* [Problem to solve]
After finding "Windows agentic 功能。" in a line below, print that line and the rest of the lines exactly, leaving out all pictures.

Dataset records
+===+
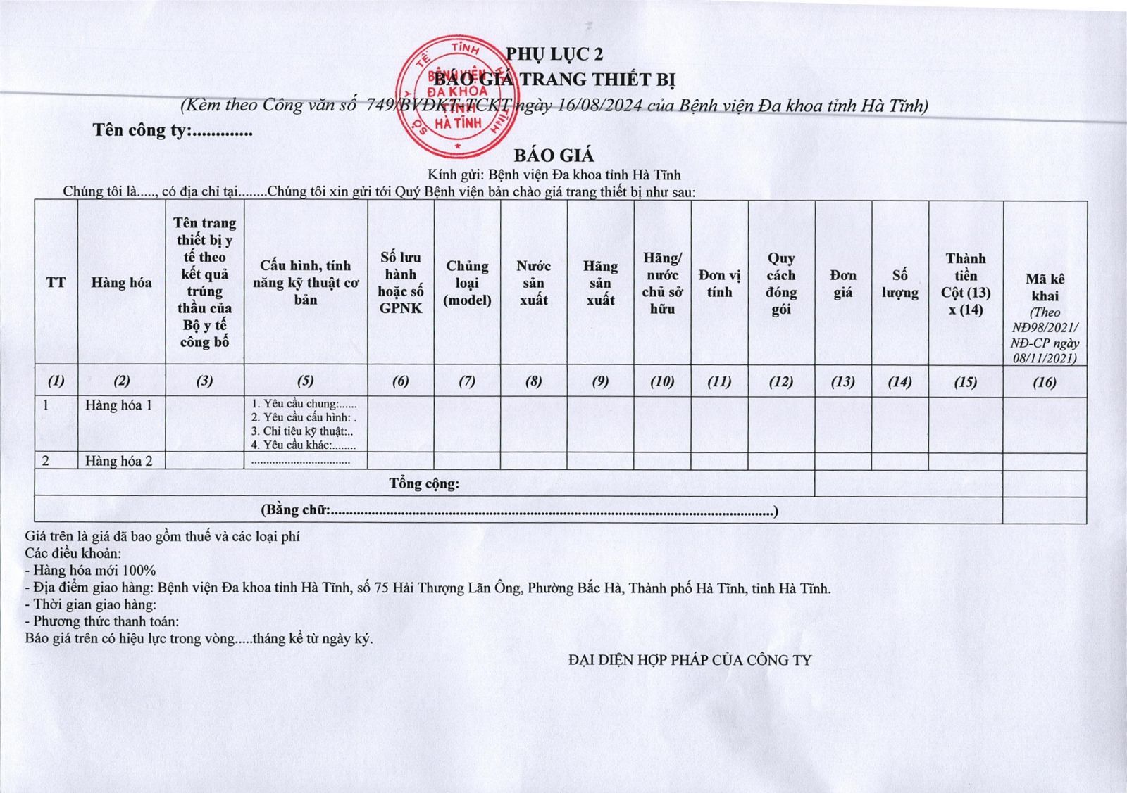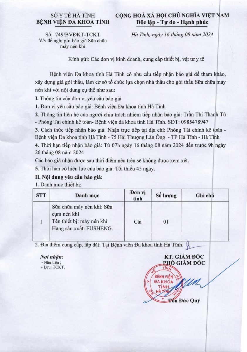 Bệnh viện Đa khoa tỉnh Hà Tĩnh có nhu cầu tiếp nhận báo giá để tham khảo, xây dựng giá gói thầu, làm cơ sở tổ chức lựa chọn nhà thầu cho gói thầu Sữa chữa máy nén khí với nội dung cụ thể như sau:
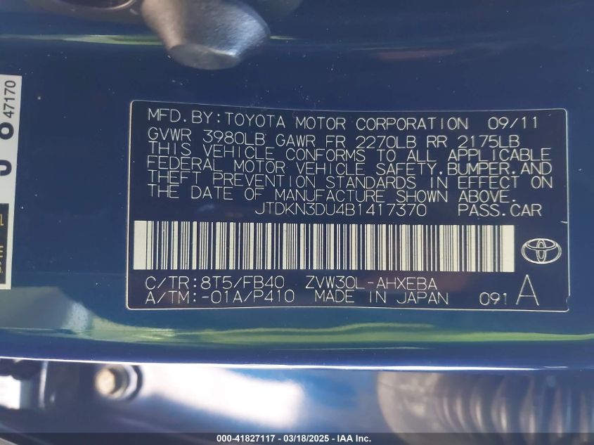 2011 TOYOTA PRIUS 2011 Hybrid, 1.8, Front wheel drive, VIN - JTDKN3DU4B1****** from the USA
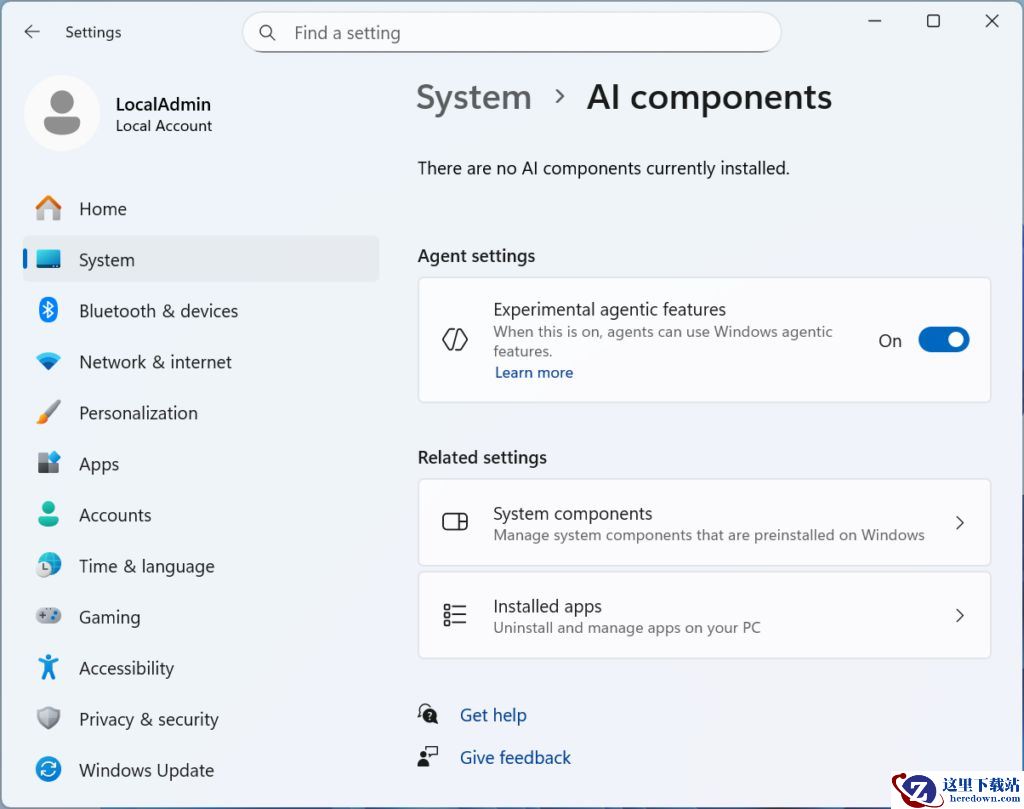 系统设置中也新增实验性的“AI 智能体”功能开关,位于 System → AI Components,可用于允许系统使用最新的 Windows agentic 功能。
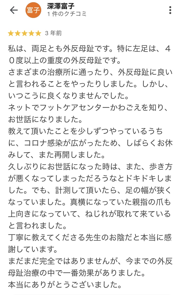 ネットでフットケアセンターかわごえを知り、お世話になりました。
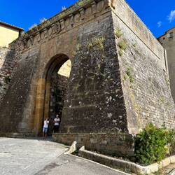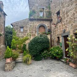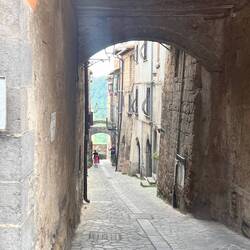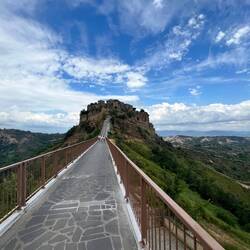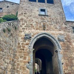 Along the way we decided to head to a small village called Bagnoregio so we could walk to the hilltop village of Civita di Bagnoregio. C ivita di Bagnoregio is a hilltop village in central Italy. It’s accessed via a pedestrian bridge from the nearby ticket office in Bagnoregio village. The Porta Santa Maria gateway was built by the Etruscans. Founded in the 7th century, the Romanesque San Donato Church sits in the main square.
+===+
* [Output for this exercise]
 系统设置中也新增实验性的“AI 智能体”功能开关,位于 System → AI Components,可用于允许系统使用最新的 Windows agentic 功能。
 ネットでフットケアセンターかわごえを知り、お世話になりました。
 Along the way we decided to head to a small village called Bagnoregio so we could walk to the hilltop village of Civita di Bagnoregio. C ivita di Bagnoregio is a hilltop village in central Italy. It’s accessed via a pedestrian bridge from the nearby ticket office in Bagnoregio village. The Porta Santa Maria gateway was built by the Etruscans. Founded in the 7th century, the Romanesque San Donato Church sits in the main square.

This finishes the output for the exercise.